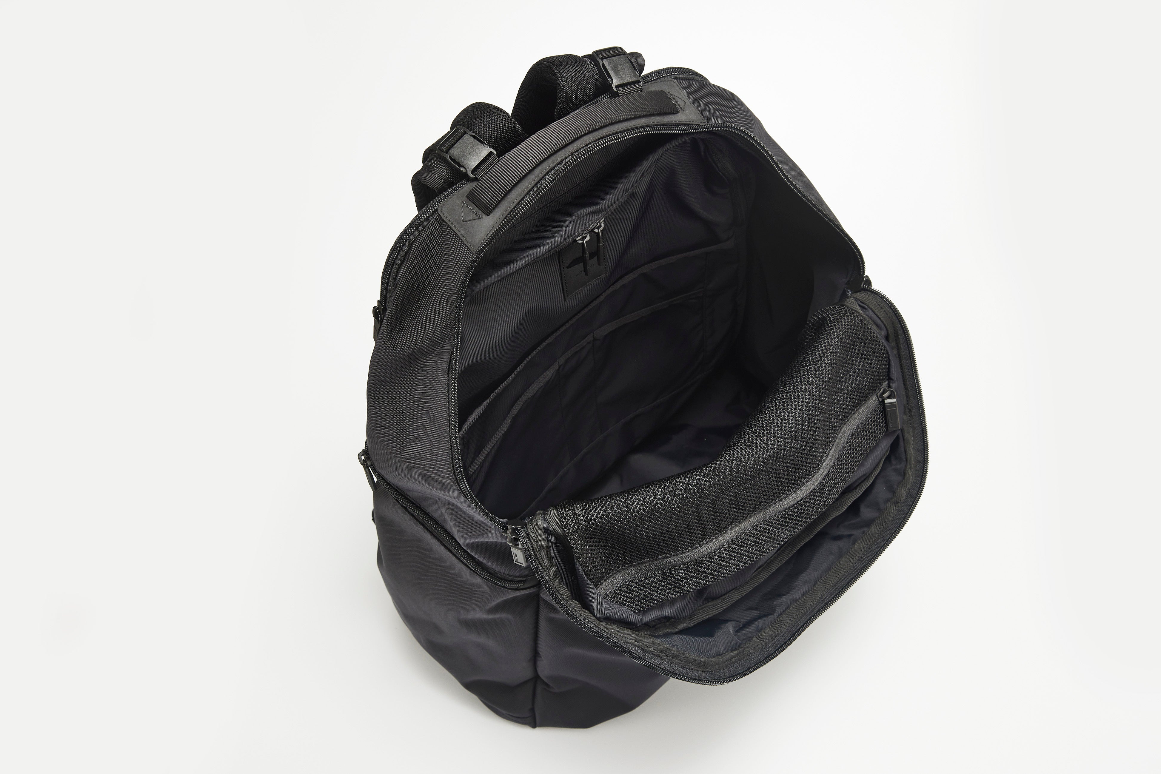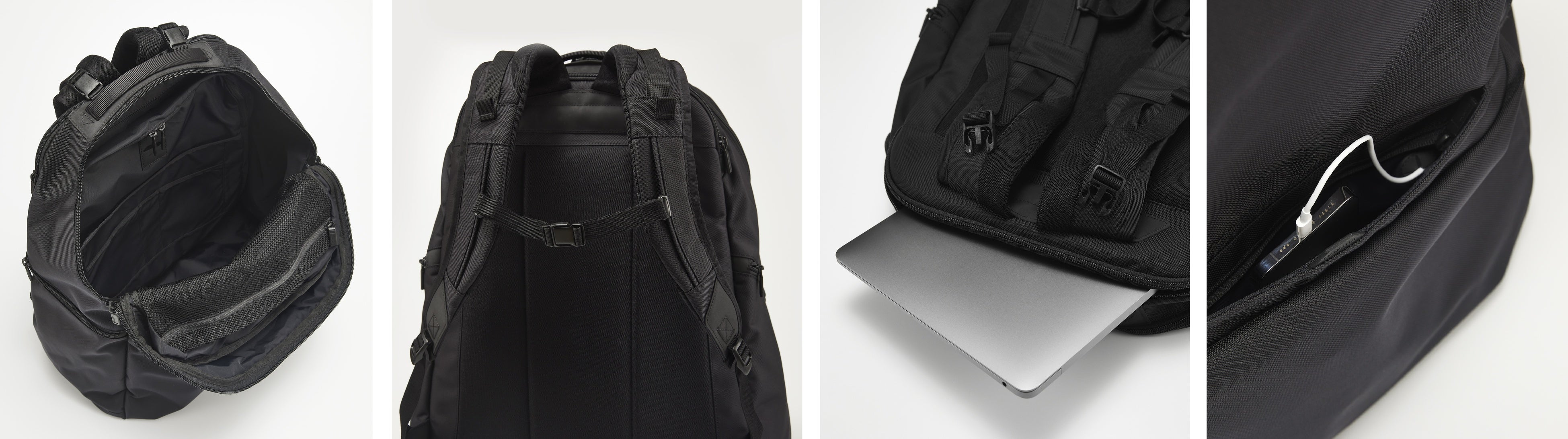 背面にはラップトップPCへのダイレクトアクセスが可能なポケットは配置し、ビジネスやトラベル、レジャーなどで様々な機材やギアを多く快適に持ち運ぶことができます。また一般的な機内持ち込みサイズを準拠しているため、飛行機移動にも対応しています。
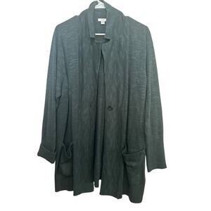 J.Jill Women's Green Textured Knit Pockets Longline Cardigan Sweater Size large
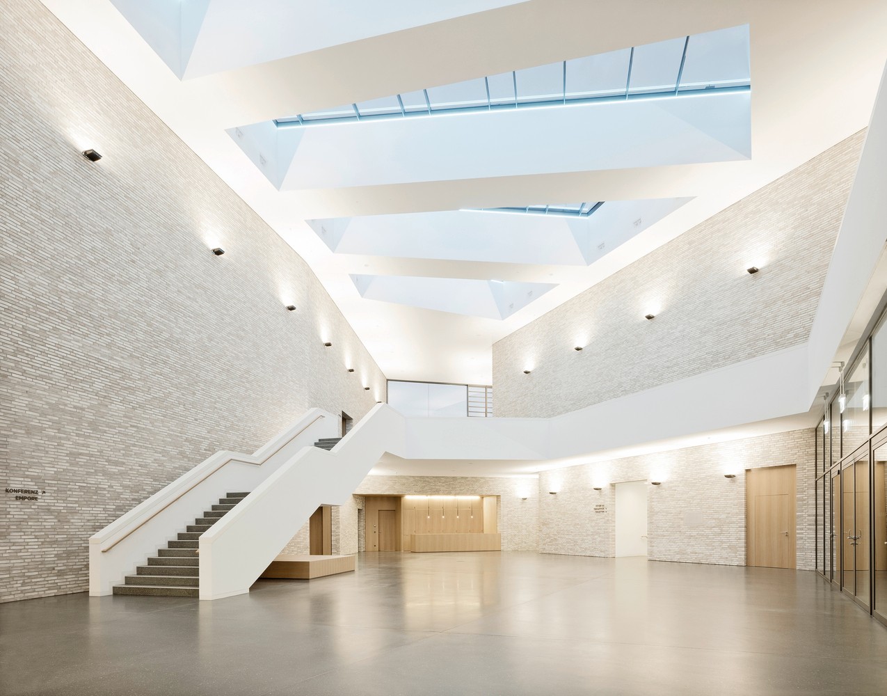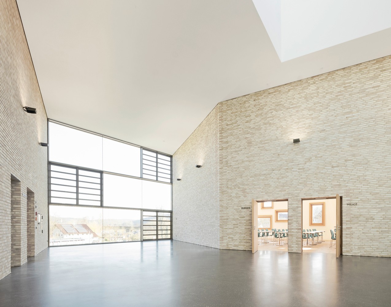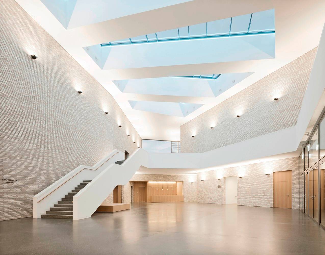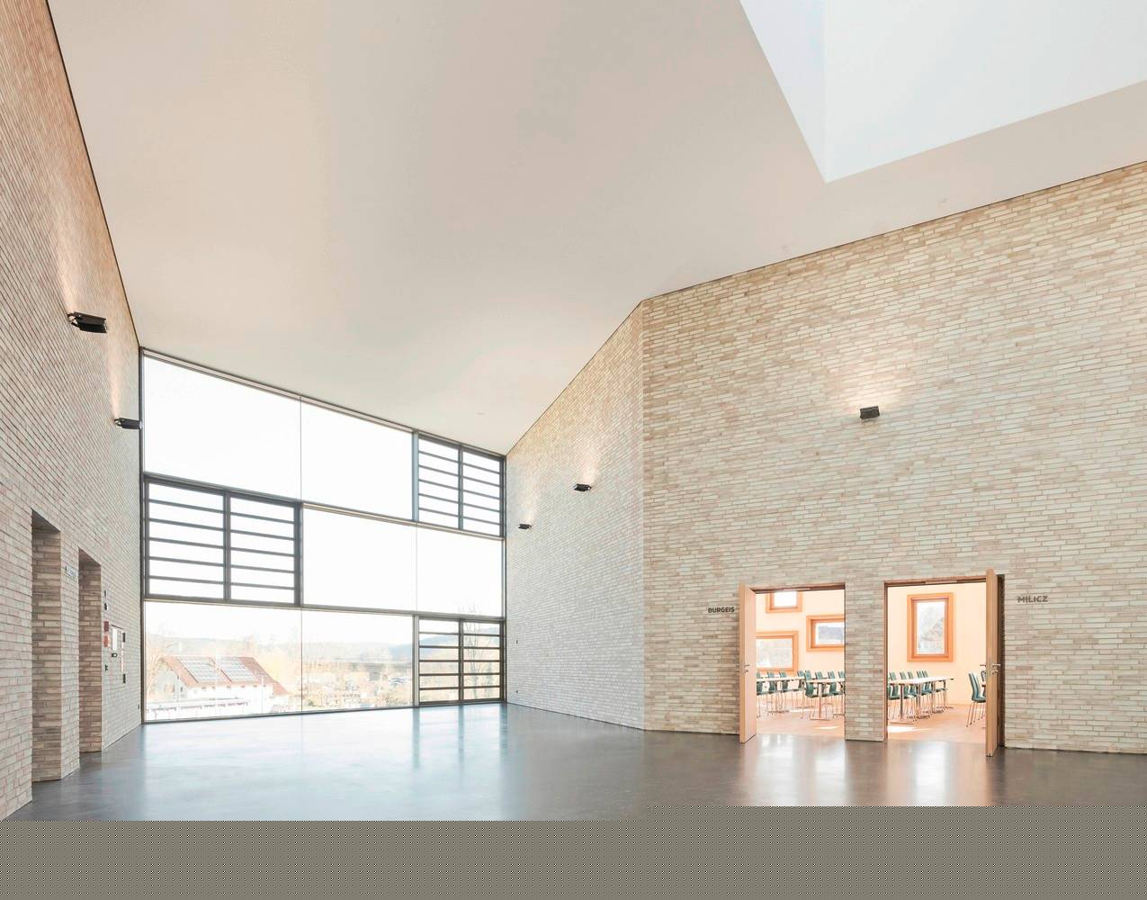 門(mén)廳連接著各種市政功能,一樓是大禮堂和小酒館,夾層是禮堂陽(yáng)臺(tái)的流通空間,同時(shí)也是多功能和研討會(huì)空間。分散的穿孔窗戶可以看到不同的外部景觀,它們的厚框架則是參照了沙龍中懸掛風(fēng)格的照片框。磚砌立面突出了建筑的雕塑形式,同時(shí)通過(guò)其外部和內(nèi)部功能使用形成了門(mén)廳空間概念的一個(gè)重要部分。
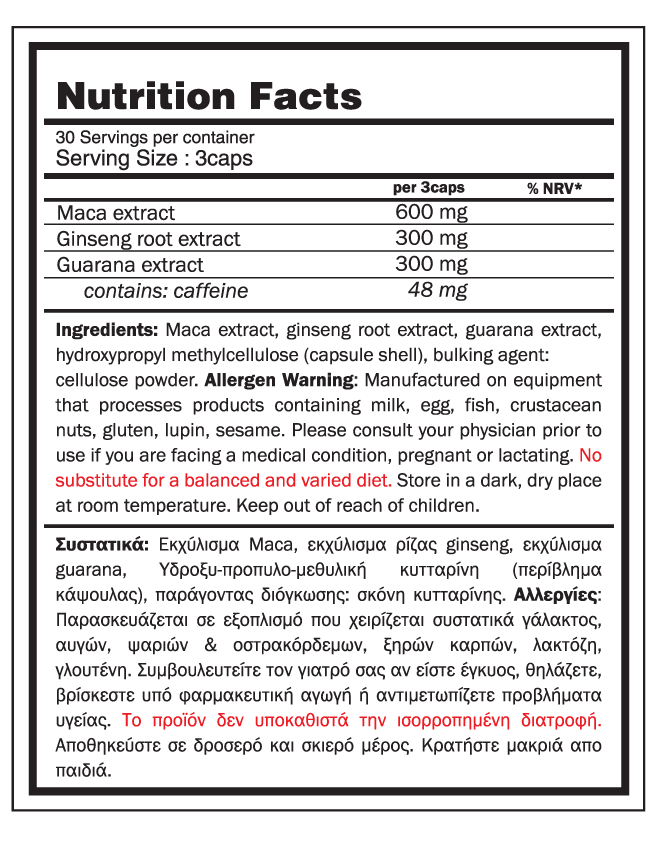 To Maca Energy περιέχει φυτικό εκχύλισμα του διάσημου φυτού από το Περού, τζίνσενγκ και γκουαρανά. Τα θρεπτικά οφέλη της ρίζας Μάκα είναι αδιαμφισβήτητα καθώς είναι πλούσια σε σίδηρο, ασβέστιο, μαγνήσιο, αμινοξέα, βιταμίνες και μέταλλα. Σε συνδυασμό μάλιστα με τα εκχυλίσματα ginseng και guarana, το Maca Energy αποτελεί το απόλυτο δυναμωτικό:

_WHAT IS EXPECTED:_ The reply has to reproduce every line above verbatim and contain no pictures.

_OUTPUT FOR THIS EXERCISE:_
 背面にはラップトップPCへのダイレクトアクセスが可能なポケットは配置し、ビジネスやトラベル、レジャーなどで様々な機材やギアを多く快適に持ち運ぶことができます。また一般的な機内持ち込みサイズを準拠しているため、飛行機移動にも対応しています。
 J.Jill Women's Green Textured Knit Pockets Longline Cardigan Sweater Size large
 門(mén)廳連接著各種市政功能,一樓是大禮堂和小酒館,夾層是禮堂陽(yáng)臺(tái)的流通空間,同時(shí)也是多功能和研討會(huì)空間。分散的穿孔窗戶可以看到不同的外部景觀,它們的厚框架則是參照了沙龍中懸掛風(fēng)格的照片框。磚砌立面突出了建筑的雕塑形式,同時(shí)通過(guò)其外部和內(nèi)部功能使用形成了門(mén)廳空間概念的一個(gè)重要部分。
 To Maca Energy περιέχει φυτικό εκχύλισμα του διάσημου φυτού από το Περού, τζίνσενγκ και γκουαρανά. Τα θρεπτικά οφέλη της ρίζας Μάκα είναι αδιαμφισβήτητα καθώς είναι πλούσια σε σίδηρο, ασβέστιο, μαγνήσιο, αμινοξέα, βιταμίνες και μέταλλα. Σε συνδυασμό μάλιστα με τα εκχυλίσματα ginseng και guarana, το Maca Energy αποτελεί το απόλυτο δυναμωτικό:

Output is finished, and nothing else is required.